++++ SOURCE MATERIAL
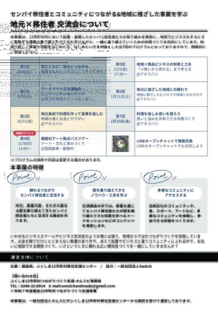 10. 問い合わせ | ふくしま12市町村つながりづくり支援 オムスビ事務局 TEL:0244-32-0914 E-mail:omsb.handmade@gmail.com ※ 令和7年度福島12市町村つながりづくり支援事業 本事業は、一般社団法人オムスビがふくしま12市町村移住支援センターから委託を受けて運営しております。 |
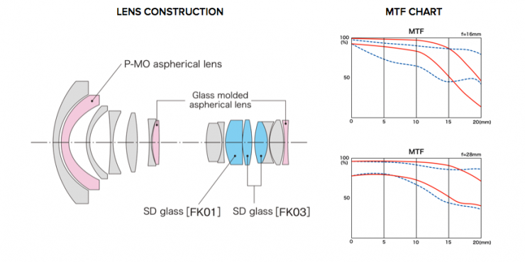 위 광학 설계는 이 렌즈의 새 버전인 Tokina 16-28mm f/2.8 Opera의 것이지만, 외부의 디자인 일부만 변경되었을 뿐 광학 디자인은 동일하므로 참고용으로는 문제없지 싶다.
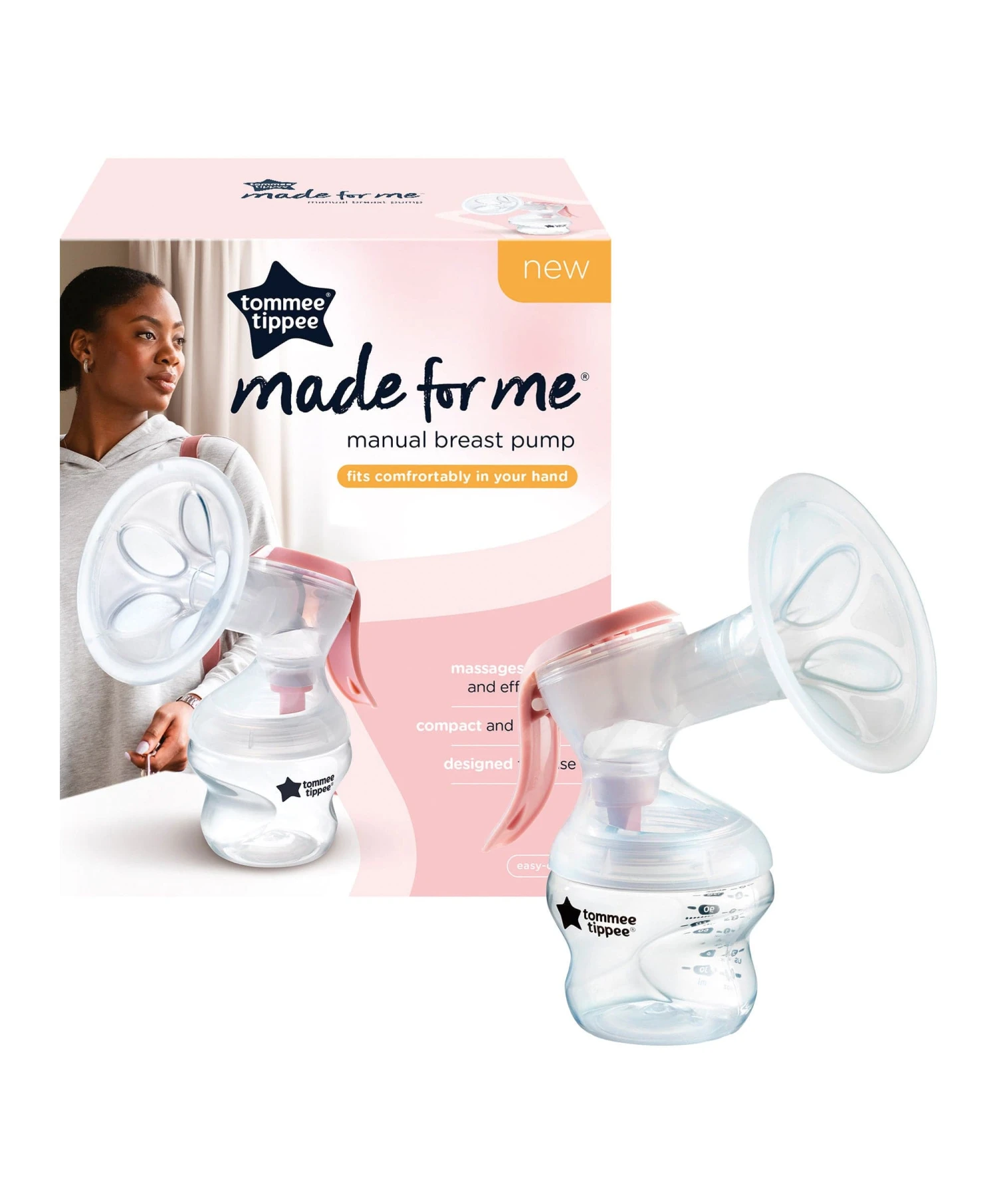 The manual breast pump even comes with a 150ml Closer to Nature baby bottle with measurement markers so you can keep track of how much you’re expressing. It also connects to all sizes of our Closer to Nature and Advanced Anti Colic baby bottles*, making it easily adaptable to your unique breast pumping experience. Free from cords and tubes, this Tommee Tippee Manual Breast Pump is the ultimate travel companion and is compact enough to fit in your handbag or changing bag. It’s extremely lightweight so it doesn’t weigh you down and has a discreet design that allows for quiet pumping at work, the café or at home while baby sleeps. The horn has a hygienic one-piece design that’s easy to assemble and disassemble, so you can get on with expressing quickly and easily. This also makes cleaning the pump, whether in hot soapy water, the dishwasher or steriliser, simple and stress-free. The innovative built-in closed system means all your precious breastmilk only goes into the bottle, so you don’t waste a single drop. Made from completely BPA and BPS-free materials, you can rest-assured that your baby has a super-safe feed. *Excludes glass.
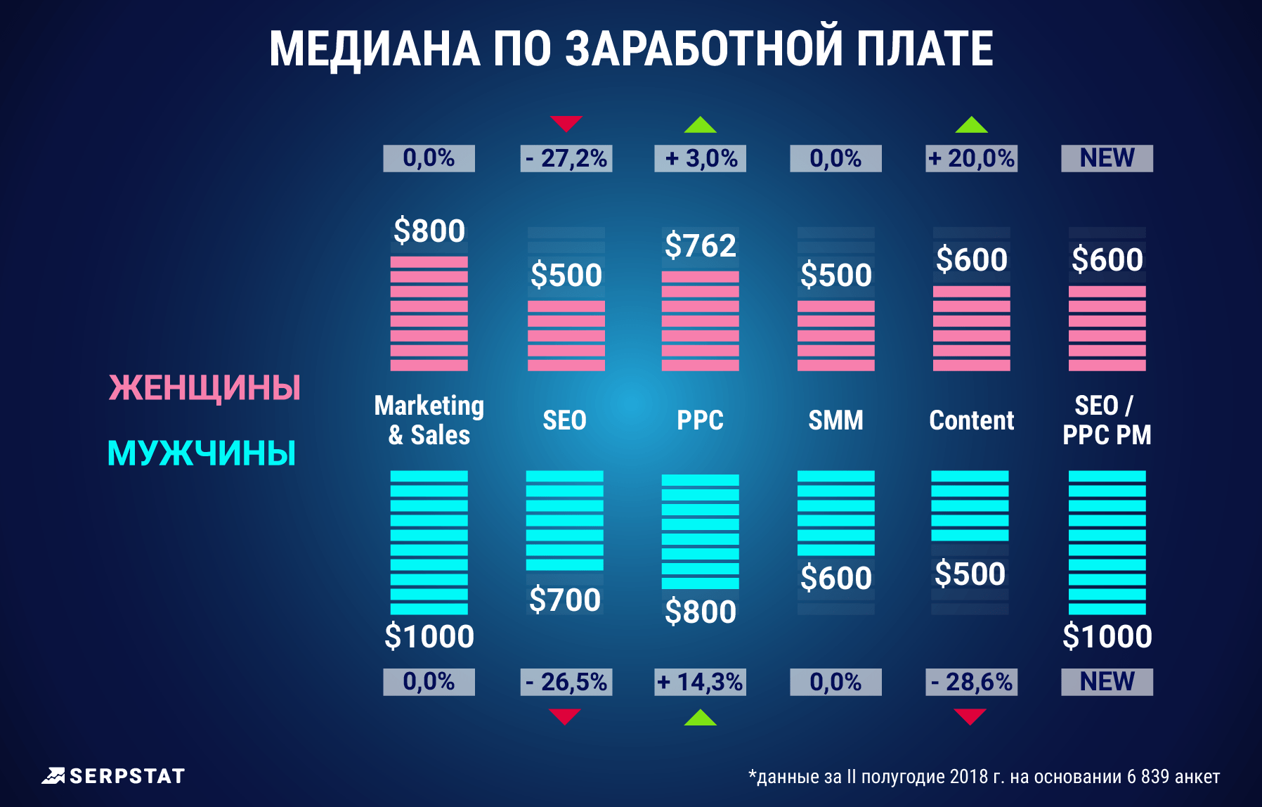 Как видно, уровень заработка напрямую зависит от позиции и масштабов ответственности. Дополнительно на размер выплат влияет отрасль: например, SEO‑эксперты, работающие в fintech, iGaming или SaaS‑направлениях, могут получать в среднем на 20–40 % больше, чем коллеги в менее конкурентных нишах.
++++++++
++++ SOURCE MATERIAL
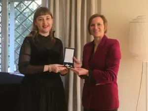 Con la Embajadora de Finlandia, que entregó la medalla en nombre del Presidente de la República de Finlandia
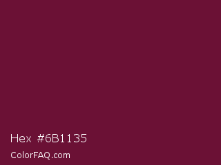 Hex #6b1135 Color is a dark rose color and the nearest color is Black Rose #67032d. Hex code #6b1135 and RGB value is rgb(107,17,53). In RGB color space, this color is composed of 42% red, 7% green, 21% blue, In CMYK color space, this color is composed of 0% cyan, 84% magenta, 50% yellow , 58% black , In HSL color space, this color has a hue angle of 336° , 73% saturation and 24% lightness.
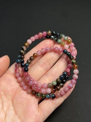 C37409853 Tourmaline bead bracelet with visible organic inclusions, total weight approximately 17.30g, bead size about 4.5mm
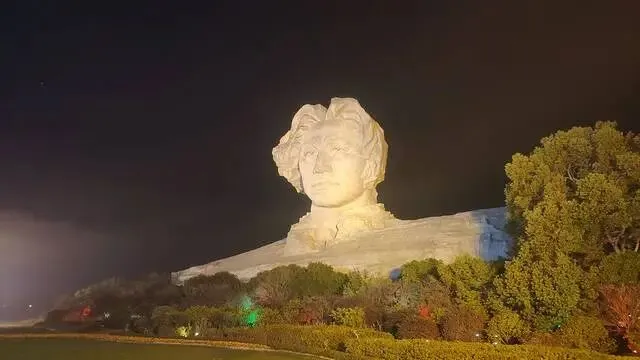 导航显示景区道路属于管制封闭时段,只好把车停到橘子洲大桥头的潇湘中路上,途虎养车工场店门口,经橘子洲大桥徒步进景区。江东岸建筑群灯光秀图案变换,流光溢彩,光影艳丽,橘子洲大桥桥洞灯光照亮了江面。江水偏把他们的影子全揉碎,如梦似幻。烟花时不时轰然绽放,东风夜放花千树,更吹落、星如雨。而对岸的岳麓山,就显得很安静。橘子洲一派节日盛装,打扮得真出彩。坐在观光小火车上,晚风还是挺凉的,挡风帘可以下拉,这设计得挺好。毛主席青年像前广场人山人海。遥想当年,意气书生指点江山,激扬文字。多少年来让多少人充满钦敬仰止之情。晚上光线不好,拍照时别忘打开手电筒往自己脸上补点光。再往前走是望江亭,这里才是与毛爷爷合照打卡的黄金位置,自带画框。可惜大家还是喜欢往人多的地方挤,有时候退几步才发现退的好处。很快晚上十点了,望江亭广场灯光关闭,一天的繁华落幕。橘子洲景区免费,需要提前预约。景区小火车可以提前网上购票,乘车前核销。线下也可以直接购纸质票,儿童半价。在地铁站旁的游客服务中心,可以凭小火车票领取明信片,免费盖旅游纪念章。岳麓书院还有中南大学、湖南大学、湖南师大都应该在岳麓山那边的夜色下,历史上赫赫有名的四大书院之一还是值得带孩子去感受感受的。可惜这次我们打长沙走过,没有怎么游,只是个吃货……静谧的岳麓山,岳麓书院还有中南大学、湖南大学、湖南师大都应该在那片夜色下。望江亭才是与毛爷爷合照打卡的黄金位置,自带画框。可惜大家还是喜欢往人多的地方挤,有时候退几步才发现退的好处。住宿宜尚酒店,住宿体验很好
++++++++
PROBLEM TO SOLVE: Your answer should consist of the lines above between those holding "C37409853 Tourmaline bead" and "导航显示景区道路属于管制封闭", inclusive, reproduced word for word and without pictures.

ANSWER FOR THIS EXERCISE:
 C37409853 Tourmaline bead bracelet with visible organic inclusions, total weight approximately 17.30g, bead size about 4.5mm
 导航显示景区道路属于管制封闭时段,只好把车停到橘子洲大桥头的潇湘中路上,途虎养车工场店门口,经橘子洲大桥徒步进景区。江东岸建筑群灯光秀图案变换,流光溢彩,光影艳丽,橘子洲大桥桥洞灯光照亮了江面。江水偏把他们的影子全揉碎,如梦似幻。烟花时不时轰然绽放,东风夜放花千树,更吹落、星如雨。而对岸的岳麓山,就显得很安静。橘子洲一派节日盛装,打扮得真出彩。坐在观光小火车上,晚风还是挺凉的,挡风帘可以下拉,这设计得挺好。毛主席青年像前广场人山人海。遥想当年,意气书生指点江山,激扬文字。多少年来让多少人充满钦敬仰止之情。晚上光线不好,拍照时别忘打开手电筒往自己脸上补点光。再往前走是望江亭,这里才是与毛爷爷合照打卡的黄金位置,自带画框。可惜大家还是喜欢往人多的地方挤,有时候退几步才发现退的好处。很快晚上十点了,望江亭广场灯光关闭,一天的繁华落幕。橘子洲景区免费,需要提前预约。景区小火车可以提前网上购票,乘车前核销。线下也可以直接购纸质票,儿童半价。在地铁站旁的游客服务中心,可以凭小火车票领取明信片,免费盖旅游纪念章。岳麓书院还有中南大学、湖南大学、湖南师大都应该在岳麓山那边的夜色下,历史上赫赫有名的四大书院之一还是值得带孩子去感受感受的。可惜这次我们打长沙走过,没有怎么游,只是个吃货……静谧的岳麓山,岳麓书院还有中南大学、湖南大学、湖南师大都应该在那片夜色下。望江亭才是与毛爷爷合照打卡的黄金位置,自带画框。可惜大家还是喜欢往人多的地方挤,有时候退几步才发现退的好处。住宿宜尚酒店,住宿体验很好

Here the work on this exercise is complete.